Leaving out the pictures, please retype each record exactly.

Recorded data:
□ □ □ □ □

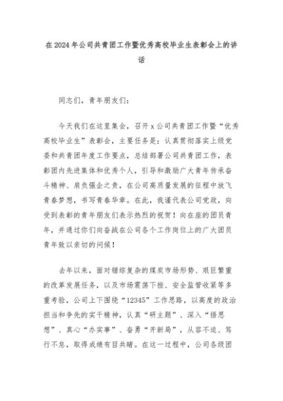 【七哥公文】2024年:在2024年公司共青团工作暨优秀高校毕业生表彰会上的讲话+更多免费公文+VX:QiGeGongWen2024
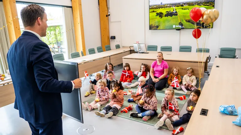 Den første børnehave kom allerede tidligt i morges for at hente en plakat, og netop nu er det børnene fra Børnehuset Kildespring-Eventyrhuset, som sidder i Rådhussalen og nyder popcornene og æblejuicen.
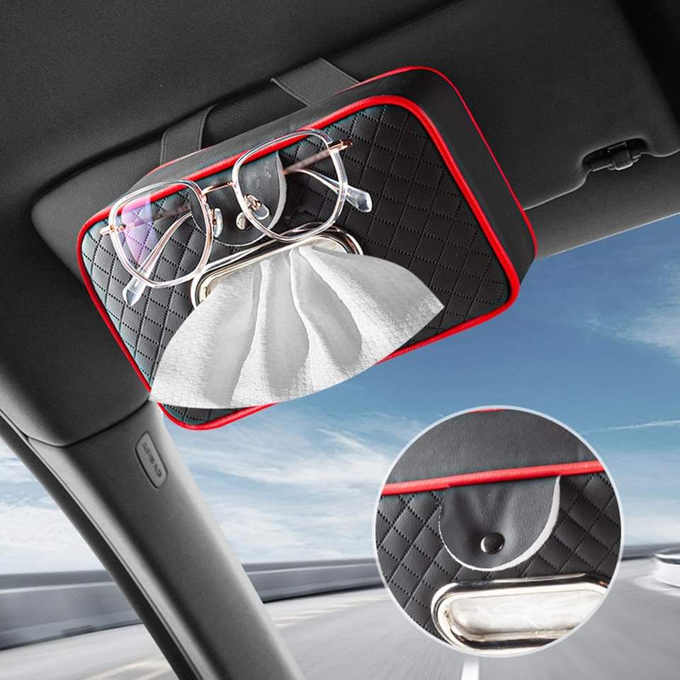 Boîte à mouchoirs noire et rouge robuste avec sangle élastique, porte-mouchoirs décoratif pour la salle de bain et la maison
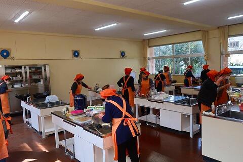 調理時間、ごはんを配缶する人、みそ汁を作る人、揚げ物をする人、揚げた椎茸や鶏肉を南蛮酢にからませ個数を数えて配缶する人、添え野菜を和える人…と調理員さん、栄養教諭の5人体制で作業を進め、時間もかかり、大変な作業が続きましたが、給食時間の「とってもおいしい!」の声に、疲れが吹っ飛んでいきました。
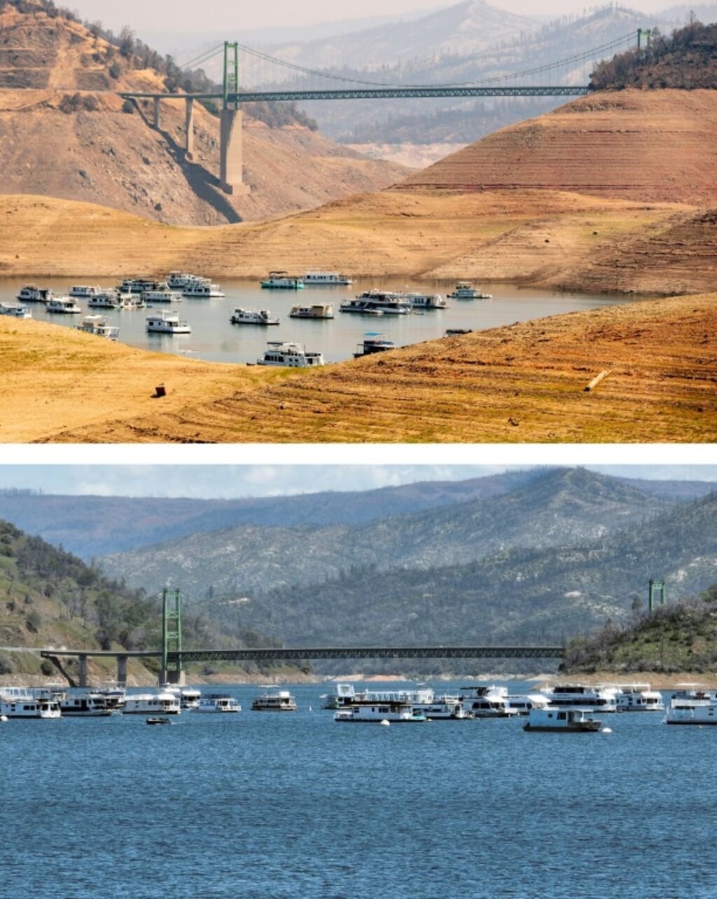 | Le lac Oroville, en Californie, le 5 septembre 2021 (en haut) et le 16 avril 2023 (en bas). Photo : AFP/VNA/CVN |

□ □ □ □ □

### [SOLVED PROBLEM]
 【七哥公文】2024年:在2024年公司共青团工作暨优秀高校毕业生表彰会上的讲话+更多免费公文+VX:QiGeGongWen2024
 Den første børnehave kom allerede tidligt i morges for at hente en plakat, og netop nu er det børnene fra Børnehuset Kildespring-Eventyrhuset, som sidder i Rådhussalen og nyder popcornene og æblejuicen.
 Boîte à mouchoirs noire et rouge robuste avec sangle élastique, porte-mouchoirs décoratif pour la salle de bain et la maison
 調理時間、ごはんを配缶する人、みそ汁を作る人、揚げ物をする人、揚げた椎茸や鶏肉を南蛮酢にからませ個数を数えて配缶する人、添え野菜を和える人…と調理員さん、栄養教諭の5人体制で作業を進め、時間もかかり、大変な作業が続きましたが、給食時間の「とってもおいしい!」の声に、疲れが吹っ飛んでいきました。
 | Le lac Oroville, en Californie, le 5 septembre 2021 (en haut) et le 16 avril 2023 (en bas). Photo : AFP/VNA/CVN |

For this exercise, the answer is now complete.